X = np.random.randn(1000, 20).astype('float32')
y = np.random.randint(0, 2, size=(1000,)).astype('int32')

dataset = tf.data.Dataset.from_tensor_slices((X, y))
print(dataset.element_spec)
# Output: (TensorSpec(shape=(20,), dtype=tf.float32),
#          TensorSpec(shape=(), dtype=tf.int32))

shuffle, batch, prefetch — The Standard Pipeline

This three-step pattern is the correct order for efficient training. Shuffle before batching to randomize across the full dataset; prefetch overlaps data loading with GPU computation.

import tensorflow as tf

BATCH_SIZE = 32
BUFFER_SIZE = 1000   # how many samples to load into memory for shuffling

train_dataset = (
    tf.data.Dataset.from_tensor_slices((X_train, y_train))
    .shuffle(buffer_size=BUFFER_SIZE, seed=42)
    .batch(BATCH_SIZE)
    .prefetch(tf.data.AUTOTUNE)   # AUTOTUNE picks the optimal prefetch count
)

val_dataset = (
    tf.data.Dataset.from_tensor_slices((X_val, y_val))
    .batch(BATCH_SIZE)
    .prefetch(tf.data.AUTOTUNE)
    # No shuffle for validation
)

model.fit(train_dataset, validation_data=val_dataset, epochs=20)

Loading Images from Disk

image_dataset_from_directory reads images organized into class-named subdirectories. It handles resizing, batching, and optional validation split.

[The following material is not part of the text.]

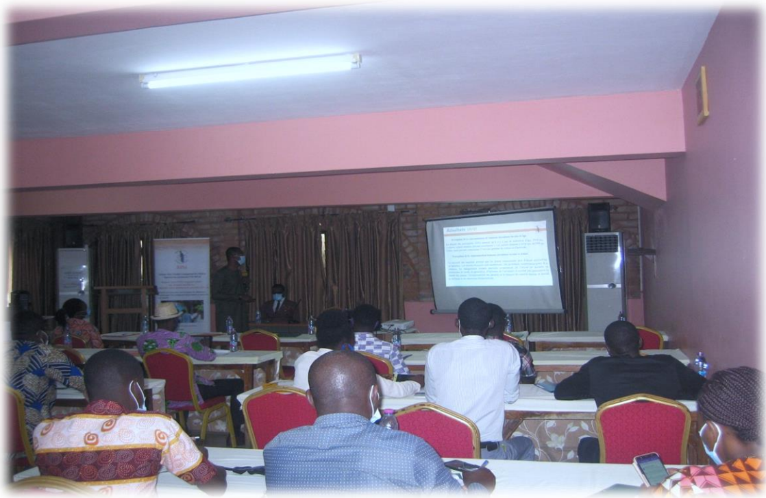
Atelier de restitution des résultats de l'étude sur les boissons alcoolisées locales. Salle Hibiscus de l'Agora Senghor le 19 novembre 2020

from tensorflow import keras

# Directory structure:
# data/train/cats/  ← images
# data/train/dogs/  ← images

train_ds = keras.utils.image_dataset_from_directory(
    'data/train/',
    image_size=(224, 224),
    batch_size=32,
    label_mode='int',    # integer labels; use 'categorical' for one-hot
    seed=42,
    validation_split=0.2,
    subset='training',
)

val_ds = keras.utils.image_dataset_from_directory(
    'data/train/',
    image_size=(224, 224),
    batch_size=32,
    label_mode='int',
    seed=42,
    validation_split=0.2,
    subset='validation',
)

# Add AUTOTUNE prefetch
train_ds = train_ds.prefetch(tf.data.AUTOTUNE)
val_ds = val_ds.prefetch(tf.data.AUTOTUNE)

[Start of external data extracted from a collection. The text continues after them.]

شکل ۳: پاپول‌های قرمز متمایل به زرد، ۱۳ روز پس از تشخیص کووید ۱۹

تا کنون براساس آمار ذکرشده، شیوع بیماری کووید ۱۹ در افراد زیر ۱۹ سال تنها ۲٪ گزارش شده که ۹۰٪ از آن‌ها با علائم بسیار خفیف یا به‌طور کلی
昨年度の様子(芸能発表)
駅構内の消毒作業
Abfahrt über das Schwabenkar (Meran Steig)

map — Apply Transformations

Use .map() to apply any preprocessing function element-wise. Run it before .batch() to work on individual samples, or after to work on full batches.

import tensorflow as tf

def normalize(image, label):
    image = tf.cast(image, tf.float32) / 255.0
    return image, label

def augment(image, label):
    image = tf.image.random_flip_left_right(image)
    image = tf.image.random_brightness(image, max_delta=0.1)
    return image, label

train_ds = (
    tf.data.Dataset.from_tensor_slices((image_paths, labels))
    .map(load_image, num_parallel_calls=tf.data.AUTOTUNE)
    .map(normalize, num_parallel_calls=tf.data.AUTOTUNE)
    .map(augment, num_parallel_calls=tf.data.AUTOTUNE)
    .shuffle(500)
    .batch(32)
    .prefetch(tf.data.AUTOTUNE)
)

cache — Speed Up Repeated Epochs

.cache() stores the dataset in memory (or on disk) after the first epoch. Without it, disk reads happen every epoch. Place it after expensive operations but before shuffling.

import tensorflow as tf

train_ds = (
    tf.data.Dataset.from_tensor_slices((X_train, y_train))
    .map(preprocess, num_parallel_calls=tf.data.AUTOTUNE)
    .cache()                  # cache after preprocessing — only done once
    .shuffle(1000)
    .batch(32)
    .prefetch(tf.data.AUTOTUNE)
)

Tip

Quick decision guide:

  • Structured/tabular data → Sequential with Dense layers, Adam optimizer, start simple
  • Image classification → CNN or pretrained MobileNetV2/EfficientNet with transfer learning
  • Sequence/time series → LSTM or 1D Conv; normalize inputs to zero mean, unit variance
  • NLP → Embedding layer + LSTM, or use a pretrained HuggingFace transformer
  • Any training plateaus → check learning rate first, then regularization, then architecture

Warning

  • Always call model.compile() after changing layer.trainable during fine-tuning — Keras needs to recompute the gradient graph.
  • validation_split takes the last fraction of your data in order. For time series this leaks future data. Use validation_data with an explicit split instead.
  • model.predict() returns NumPy arrays; model(x, training=False) returns a tensor. For inference pipelines, prefer predict().
  • The .keras format is the recommended save format in TF2.x. The older .h5 format has limitations with custom objects.